Your instructions:
Emit a verbatim copy of the lines below from the line with "With a combination" through the line with "W spotkaniu wzięli", excluding pictures and everything outside that range.

Entries provided:
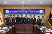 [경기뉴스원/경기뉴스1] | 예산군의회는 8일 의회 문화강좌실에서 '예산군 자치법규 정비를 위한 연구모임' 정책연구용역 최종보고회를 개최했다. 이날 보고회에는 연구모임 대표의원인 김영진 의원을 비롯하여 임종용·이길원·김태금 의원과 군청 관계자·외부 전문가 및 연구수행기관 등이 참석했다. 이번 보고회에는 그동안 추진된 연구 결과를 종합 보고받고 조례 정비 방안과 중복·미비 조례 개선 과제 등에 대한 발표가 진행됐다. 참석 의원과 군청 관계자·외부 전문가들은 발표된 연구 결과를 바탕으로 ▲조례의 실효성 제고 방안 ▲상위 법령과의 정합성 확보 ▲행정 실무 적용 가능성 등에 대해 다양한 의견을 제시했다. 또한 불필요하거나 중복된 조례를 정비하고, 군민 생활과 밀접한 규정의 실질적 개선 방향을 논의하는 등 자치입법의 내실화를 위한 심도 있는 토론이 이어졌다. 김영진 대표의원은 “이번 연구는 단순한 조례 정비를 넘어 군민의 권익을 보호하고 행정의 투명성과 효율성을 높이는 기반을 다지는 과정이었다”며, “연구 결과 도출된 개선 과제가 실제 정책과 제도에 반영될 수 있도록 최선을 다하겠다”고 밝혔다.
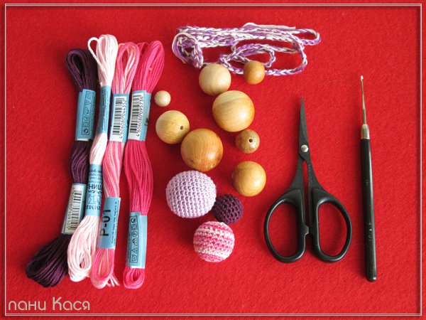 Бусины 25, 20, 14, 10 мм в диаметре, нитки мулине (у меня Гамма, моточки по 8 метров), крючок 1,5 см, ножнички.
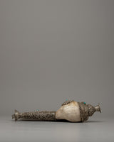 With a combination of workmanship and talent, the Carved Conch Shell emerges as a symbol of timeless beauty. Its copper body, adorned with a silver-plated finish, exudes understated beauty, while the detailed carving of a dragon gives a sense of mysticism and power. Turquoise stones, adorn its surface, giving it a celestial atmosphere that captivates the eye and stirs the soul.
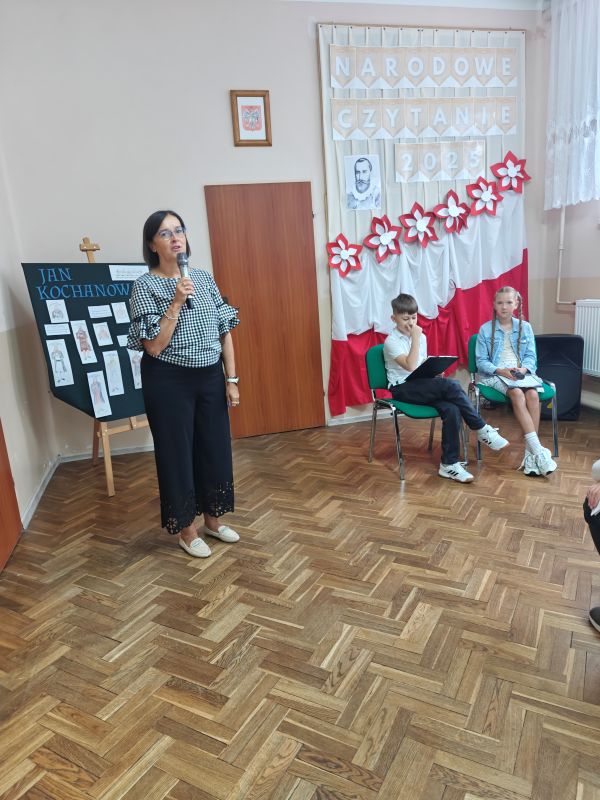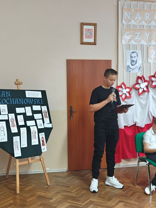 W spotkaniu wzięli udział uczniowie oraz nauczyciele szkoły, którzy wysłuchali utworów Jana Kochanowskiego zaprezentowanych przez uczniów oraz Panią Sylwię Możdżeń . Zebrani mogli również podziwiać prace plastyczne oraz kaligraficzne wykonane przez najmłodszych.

---

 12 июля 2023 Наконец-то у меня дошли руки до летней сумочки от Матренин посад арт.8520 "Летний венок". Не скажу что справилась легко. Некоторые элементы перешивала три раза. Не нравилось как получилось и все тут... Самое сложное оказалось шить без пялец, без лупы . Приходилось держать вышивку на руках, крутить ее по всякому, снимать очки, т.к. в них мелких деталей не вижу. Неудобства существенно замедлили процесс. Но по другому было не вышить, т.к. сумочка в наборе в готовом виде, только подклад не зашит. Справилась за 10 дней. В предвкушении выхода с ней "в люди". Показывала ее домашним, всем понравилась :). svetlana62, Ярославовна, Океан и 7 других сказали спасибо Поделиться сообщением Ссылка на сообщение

Final answer:
 With a combination of workmanship and talent, the Carved Conch Shell emerges as a symbol of timeless beauty. Its copper body, adorned with a silver-plated finish, exudes understated beauty, while the detailed carving of a dragon gives a sense of mysticism and power. Turquoise stones, adorn its surface, giving it a celestial atmosphere that captivates the eye and stirs the soul.
 W spotkaniu wzięli udział uczniowie oraz nauczyciele szkoły, którzy wysłuchali utworów Jana Kochanowskiego zaprezentowanych przez uczniów oraz Panią Sylwię Możdżeń . Zebrani mogli również podziwiać prace plastyczne oraz kaligraficzne wykonane przez najmłodszych.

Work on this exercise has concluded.